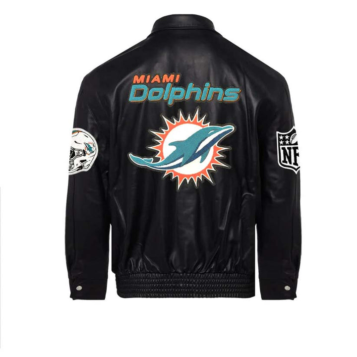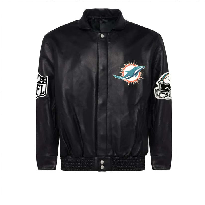 NFL MIAMI DOLPHINS BLACK FULL LEATHER JACKET
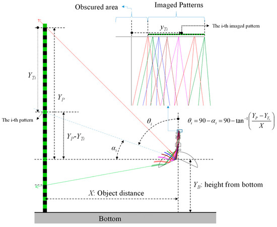 Figure 2 shows the layout for the method used in this study; the illustration in the upper right of Figure 2 depicts the optical layout of the system to be measured in this study. The pattern in Figure 2 is designed to be equally spaced. YT, YB, Yp, and X refer to the overall height of the pattern, the height from the floor surface to the reference plane, the height from the reference plane to the top of the pattern, and the distance between the optical axis and the pattern, respectively. Here, the reference plane is perpendicular to the FOV, which includes the chief ray. A ray reflected from the pattern is captured on the image sensor by the omni-directional system. We can obtain the image height for each position of the pattern as well as the angle θ incident on the optical system from the configuration in Figure 2. The angle of the ray, θ, can be evaluated using the position of each pattern and the distance between the pattern and the optical system.
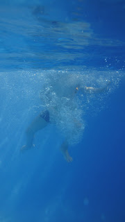 Estem passant gran part de l'estiu en remull. A la Llum sempre li ha agradat, i també li agrada bussejar, saltar, comença a nedar força bé fins i tot sense bombolleta... és una nena peix, nena sirena. Des que arribem a la piscina (o a la platja) fins que marxem no surt de l'aigua. En canvi, a en Biel li costa saltar... i ja no parlem de posar el cap sota aigua... bé... o li costava, perquè ara li encanta... a canvi, només volia una foto!
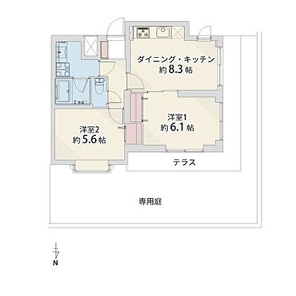 2DK+専用庭、専有面積47.75?、専用庭面積33.4?、室内リノベーション
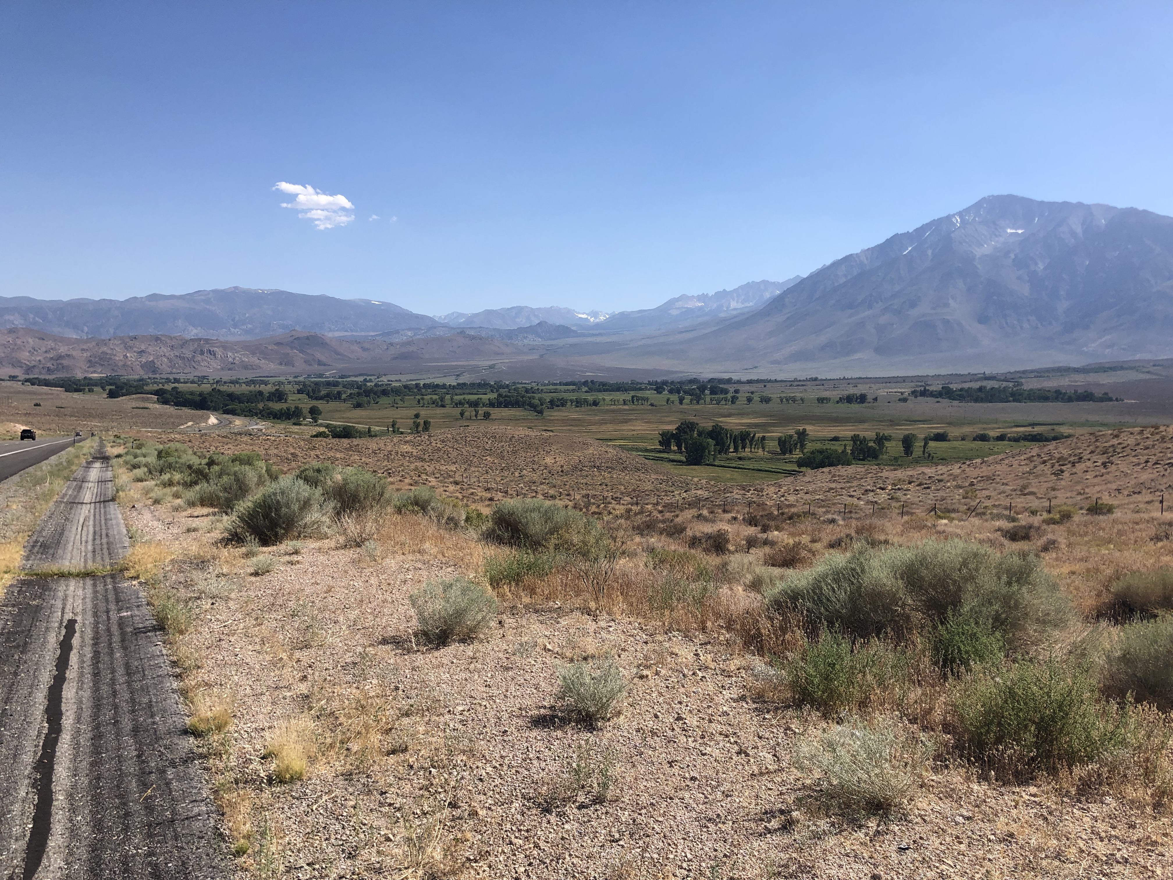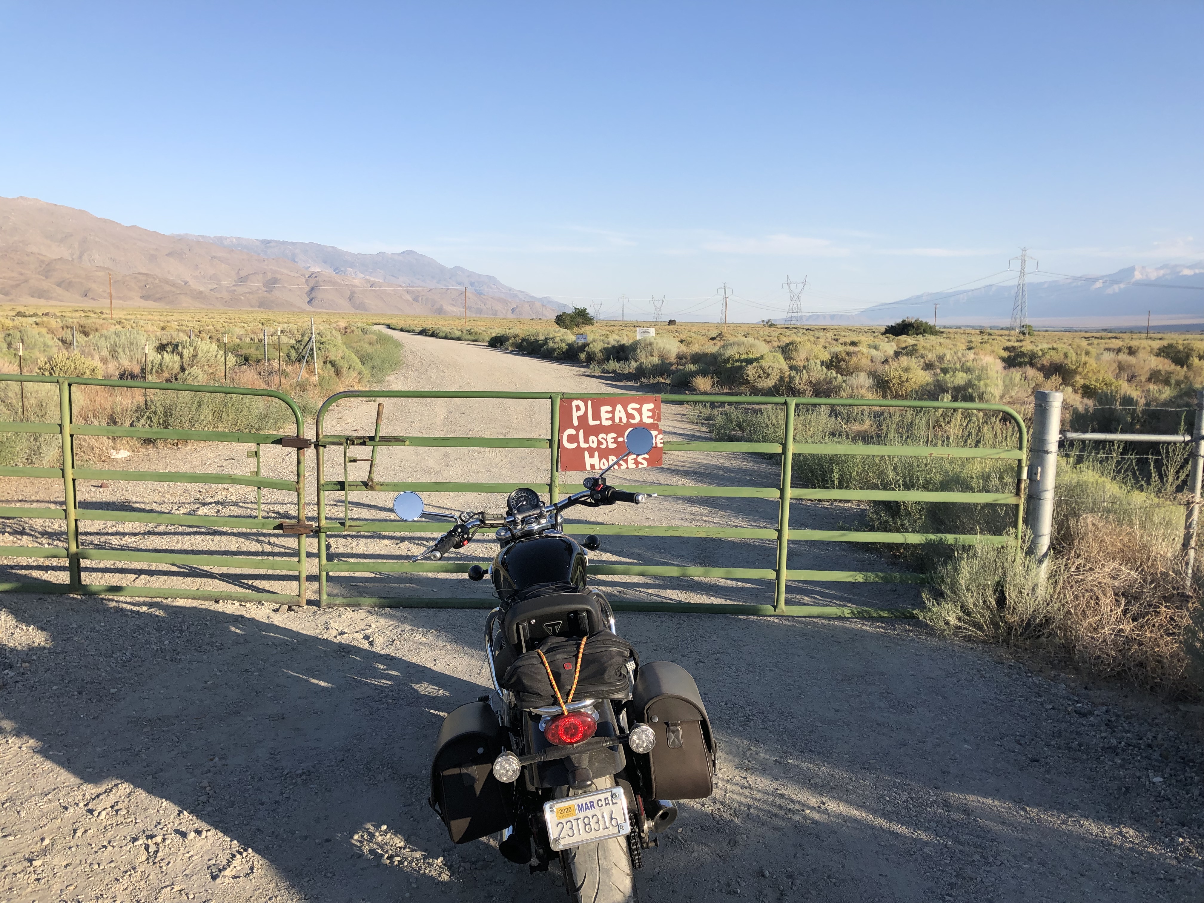 The pipeline I’d seen earlier had long since disappeared. I was surrounded by an endless, semi-arid valley. How would I be able to find the aqueduct? In desperation, I simply asked Siri. And she told me to take a dirt road near the town of Independence. Knowing that Siri is only as good as the Internet, and thus could be sending me on a wild goose chase, I wasn’t getting my hopes up. But I figured it was worth a try. I found the dirt road, and immediately encountered a gate.
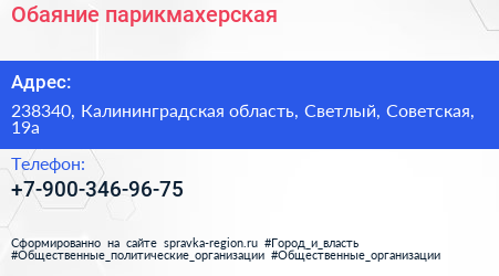 Обаяние, парикмахерская по адресу 238340, Калининградская область, Светлый, Советская, 19а в дальнейшем Организация, размещена в следующих категориях:
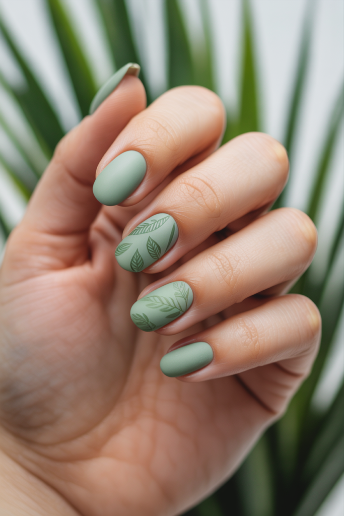 This design uses soft green matte polish for a calm, natural look. Leaf patterns are added to give subtle texture and detail. It often combines shades like pastel green, sage, and white for a fresh spring feel. The matte finish keeps the nails understated yet elegant.
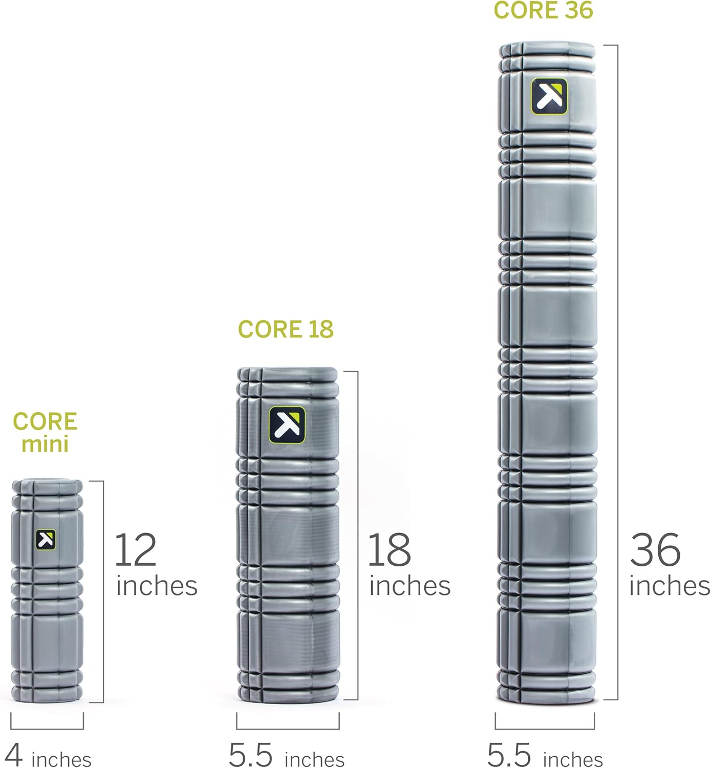 TriggerPoint CORE Foam Massage Roller with Softer Compression for Exercise, Deep Tissue and Muscle Recovery - Relieves Muscle Pain & Tightness, Improves Mobility & Circulation (12'', 18'', 36'')

◆ **REQUIRED WORK**
From the records above, output only the lines starting at the one containing "2DK+専用庭、専有面積47.75?、専用庭面積33.4?、室内リノベーション" and ending at the one containing "This design uses", word for word. Pictures stay out.

◆ **OUTPUT FOR THIS EXERCISE**
 2DK+専用庭、専有面積47.75?、専用庭面積33.4?、室内リノベーション
 The pipeline I’d seen earlier had long since disappeared. I was surrounded by an endless, semi-arid valley. How would I be able to find the aqueduct? In desperation, I simply asked Siri. And she told me to take a dirt road near the town of Independence. Knowing that Siri is only as good as the Internet, and thus could be sending me on a wild goose chase, I wasn’t getting my hopes up. But I figured it was worth a try. I found the dirt road, and immediately encountered a gate.
 Обаяние, парикмахерская по адресу 238340, Калининградская область, Светлый, Советская, 19а в дальнейшем Организация, размещена в следующих категориях:
 This design uses soft green matte polish for a calm, natural look. Leaf patterns are added to give subtle texture and detail. It often combines shades like pastel green, sage, and white for a fresh spring feel. The matte finish keeps the nails understated yet elegant.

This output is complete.